You are also responsible for ensuring that all the materials are the same for everyone involved in a production.

F.R.: Structural consistency is essential. We have to ensure that the Chorus, the Orchestra, and the stage managers have the same modifications on their scores. During rehearsals, everyone needs to be able to pick up at the same place when the conductor indicates a number.

F.L.: The conductor’s score may have different cue numbers than those on the bars in the vocal and piano score. As a result, we need to standardise the materials, either by indicating both sets of cue numbers on all the documents, or—the simplest option—by making the changes on the maestro’s score alone. It’s a time-consuming job that is important to get right before the rehearsals.

What exactly is your role in a first production?

F.R.: The trickiest thing about a first production is that we never know when the composer is going to finish his work and the publisher be in a position to pass on the printed score. In the present case of Bérénice3, the timing is relatively relaxed, which is not always the case. The score was received five months before the orchestra’s first reading; which will enable the musicians to work on it during the summer recess. From our point of view, no work has been done on it. We have merely received it. It is ready for use.

F.L.: Then, it may turn out that it does not totally correspond to what the composer wanted and it will be tweaked during rehearsals. Or, he may realise that there are printing errors. In either case, it is not sent back to the publisher. We will work directly on it and make the necessary changes. Furthermore, the delivered scores are, at that point, free of all notation—as for the bow strokes. Those may be determined at the rostrum during a run through with the conductor. Here again, it will be our job to record the changes in the score.

What latitude do you have to rewrite a published score?

F.L.: For Boris Godunov, conductor Vladimir Jurowski, had insisted on a critical edition of the 1869 version which he had already conducted in concert. On his arrival at Bastille, after having identified countless errors in the material, and given that he had a highly personal conception of the work, he decided to rework the orchestration. It was not just a question of making subtle changes but of rewriting the score according to his wishes: for example, having the part of the fourth horn in a particular place played by the third trombone, reintroducing the tuba in the passages where it was absent… Here, our involvement greatly surpassed our primary role, and the changes kept coming until the actual performances began. Throughout the entire production, day in and day out, we were involved in a long editorial process that was largely influenced by what the conductor heard during rehearsals.

What other types of unexpected events do you have to respond to?
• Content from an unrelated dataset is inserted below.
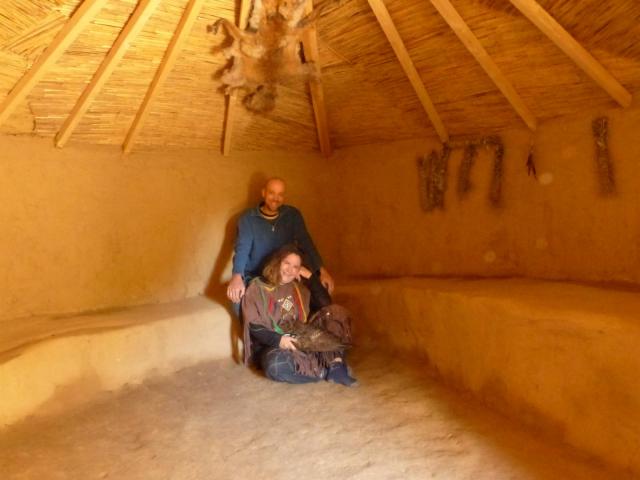 Die Idee die Jurte zu bauen sei Eva-Maria spontan gekommen. „Wie meine Frau so ist“, sagte Evas Mann Frank, „hat sie ihre Pläne direkt in die Tat umgesetzt. Als ich sie nach langer Suche im Garten gefunden habe, hatte sie schon die Ecksteine gelegt und zu graben begonnen.“ Eva-Maria ergänzte: „Frank war zuerst verwundert, habe sich aber alsbald eine Schaufel geschnappt und mitgeholfen“. Der Bau der kreisrunden Jurte hat die beiden Heimwerker in partnerschaftlicher Zusammenarbeit etwa ein Jahr begleitet. Sie ähnelt einem großen Zelt, ist aber auf knapp einen Meter in den Erdboden eingegraben und an den Wänden und am Fußboden mit Lehm bekleidet; das Dach ist ein Holzgerüst, das mit Abdeckfolie und Schilf abgedichtet ist. Im Zentrum des Daches befindet sich ein Loch, das mit einer sich darüber befestigten Metallscheibe gegen Regen geschützt ist. Somit werden die Insassen der Jurte – auch bei intensiver geistiger Arbeit – stetig mit frischer Luft versorgt. Die schamanische Behausung bietet Platz für ungefähr 20 Personen. Wie bei der Einweihung bewiesen wurde, ist sie Regenfest und für den Winter beheizbar. Künftig sollen dort jeden ersten Samstag im Monat Seminare mit schamanischem Hintergrund auf Spendenbasis stattfinden. Gäste sind dabei herzlich willkommen und können Informationen dazu auf Eva-Maria Schönes Homepage finden oder per Telefon anfragen (http://www.licht-medium.de).

F.L.: Recently, during Il Trovatore, the aria Di quella pira was sung either in the original tone or in a tone transposed according to the wishes of the tenors who had been cast. That transposition4 does not appear in the original score. I had to write it in. To avoid having to make the musicians juggle with several scores, I noted the two versions on the same one, and on the frontispiece I marked down the dates with the names of the corresponding performers. Thus, when the musicians arrived at their music stands in the evening, they knew which sections to refer to. It is up to us to find practical solutions like this. It means finding out about any last-minute changes in the cast that may have an impact on the Orchestra. Anticipation is an essential quality when it comes to exercising this profession.

1.  Arco means that the notes are played with the bow, pizzicato mans that they are plucked with the fingers.   
2. This is to indicate the direction of the bow stroke. When the bow is drawn from the frog to the tip it is called a “down stroke”. When it is drawn from the tip to the frog it is called an “up stroke”.    
3. The interview was conducted in July.    
4. Transposition consists of raising or lowering the pitch of a note.